1-click remediation and patching#

What sets ZEUS apart from "passive" reporting tools is closing the loop — we don't just find, we fix and verify.

Bulk-patch — fixing many hosts at once#

The /api/v1/vulnerabilities/bulk-patch endpoint queues remediation runs on all machines with open findings. The body accepts, among others:

{
  "scope": "lab" | "all",
  "auto_approve": true,
  "dry_run": false,
  "finding_ids": [123, 456]
}

It returns { planned, enqueued, runs: [...] }. Each run has a run_id, a target and a script_id.

Does it work for everything?#

No — and it is important to say so honestly. Bulk-patch works for findings that have a mapped remediation script (script_id):

• ✅ Linux package updates (apt/yum/dnf)
• ✅ Windows Update (selected KBs)
• ✅ container image upgrade (PR with a pinned version)
• ❌ configuration fixes (manual workflow)
• ❌ IaC drift remediation (manual PR)
• ❌ zero-day mitigations without an official patch

Honesty rule in the demo: say "1-click bulk patching for vulnerabilities with a mapped script (~70% of the CVE corpus)". Don't promise it will fix everything.

Finding state machine#

Each finding goes through:

open → triaged → fix-in-progress → resolved → verified

After running the script, ZEUS verifies the close (a re-scan confirms that the finding is gone) — hence the verified state, not just resolved.

SLA and escalation#

Remediation is tied to the SLA per severity (Critical 7 days · High 30 · Medium 90). Breaching the threshold generates an escalation to Slack/Teams. The Remediation studio shows the run history and statistics (e.g. the "resolved_last_7d" KPI).

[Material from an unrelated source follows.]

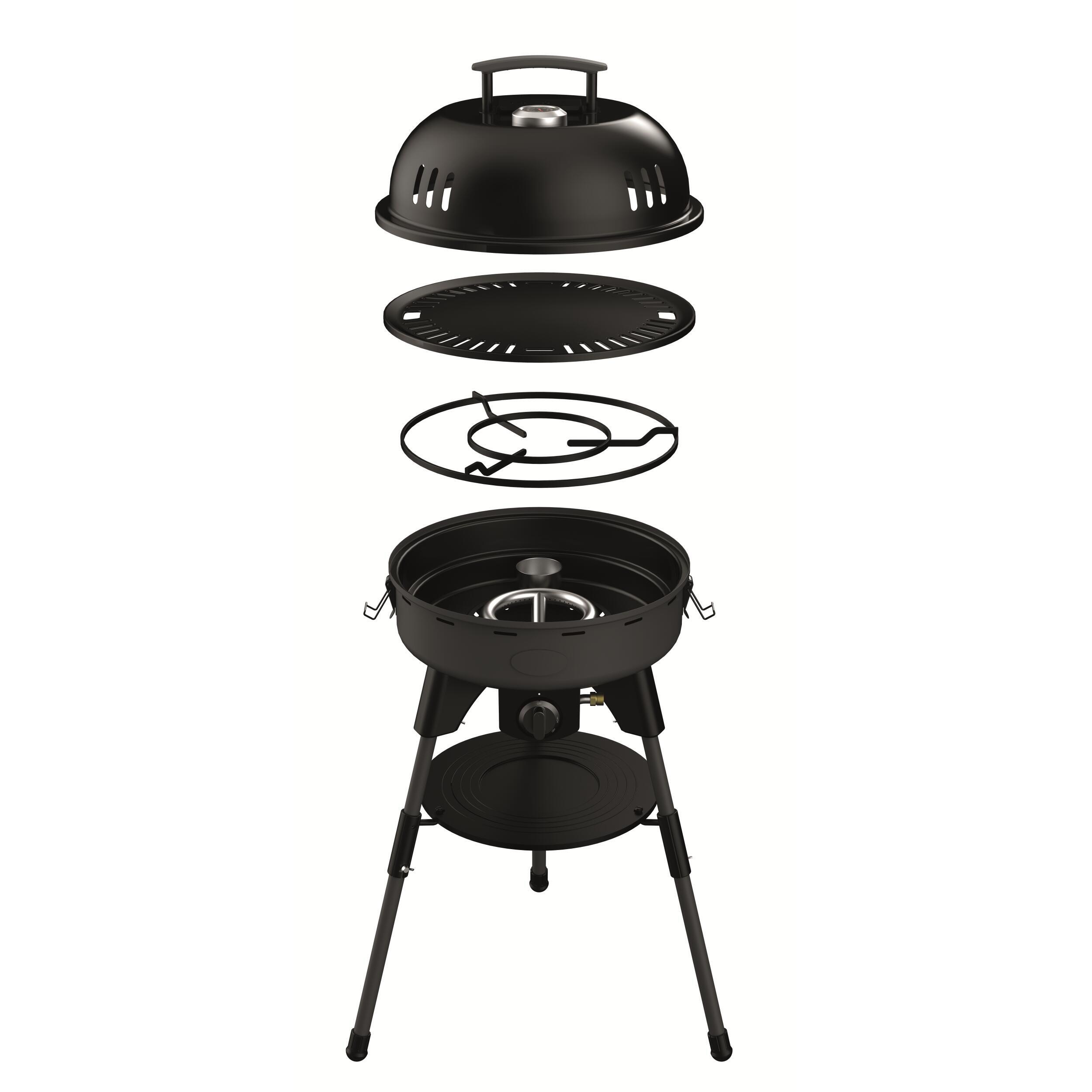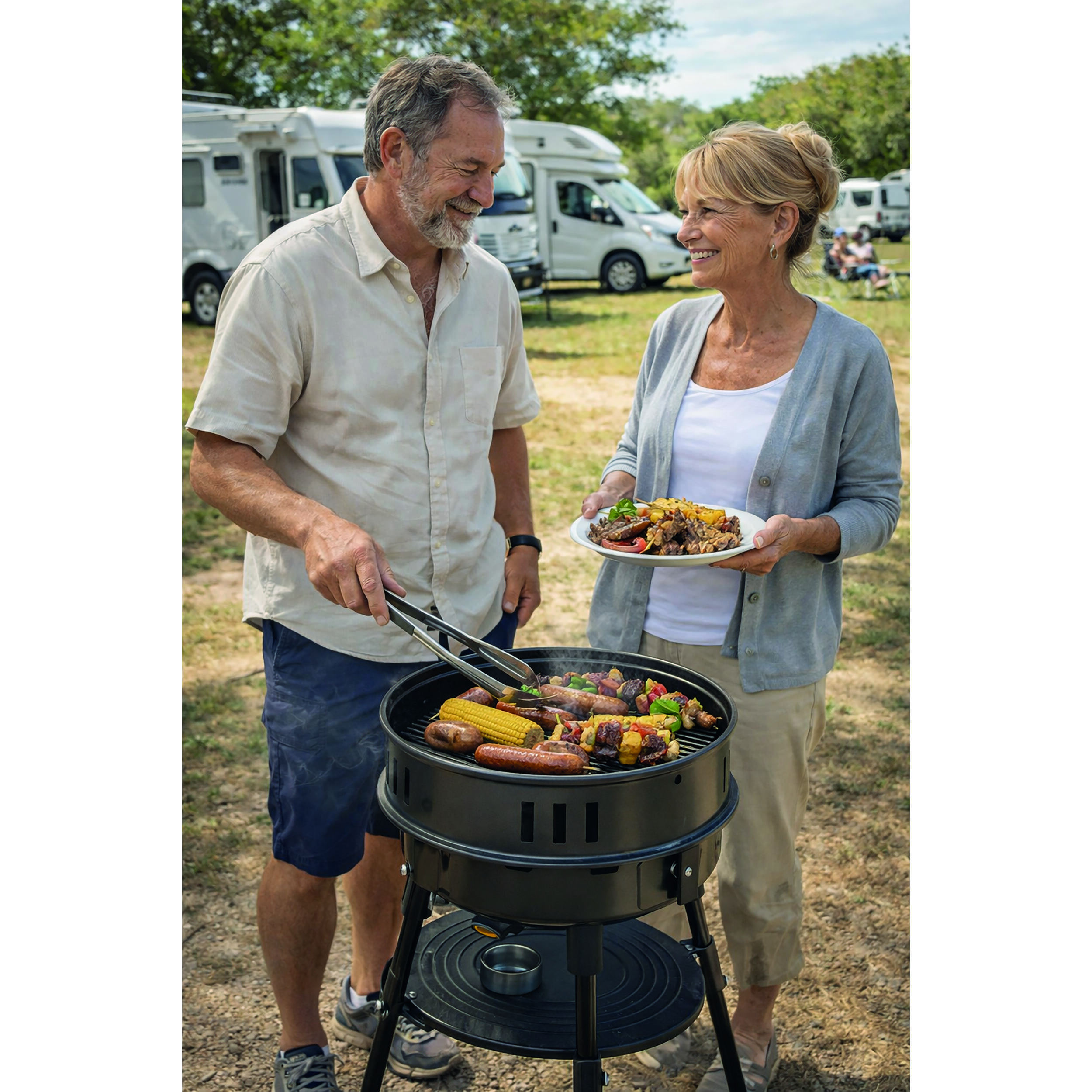 Pensé pour la vie nomade, il se transporte facilement grâce à ses pieds amovibles, sa poignée intégrée et son poids plume de 12 kg. Son design malin intègre un plateau et un support casserole, faisant de lui un véritable poste de cuisson multifonction.

Policy-driven auto-remediation#

The remediation_policy_tick worker (ARQ) evaluates remediation policies every few minutes — each has its own schedule_cron and safety gates (e.g. a guard on CVE age of 24 h). This lets you automate fixes without manual clicking.

---

Remediation is the reason ZEUS is an operational platform, not just another dashboard. We find → fix → verify.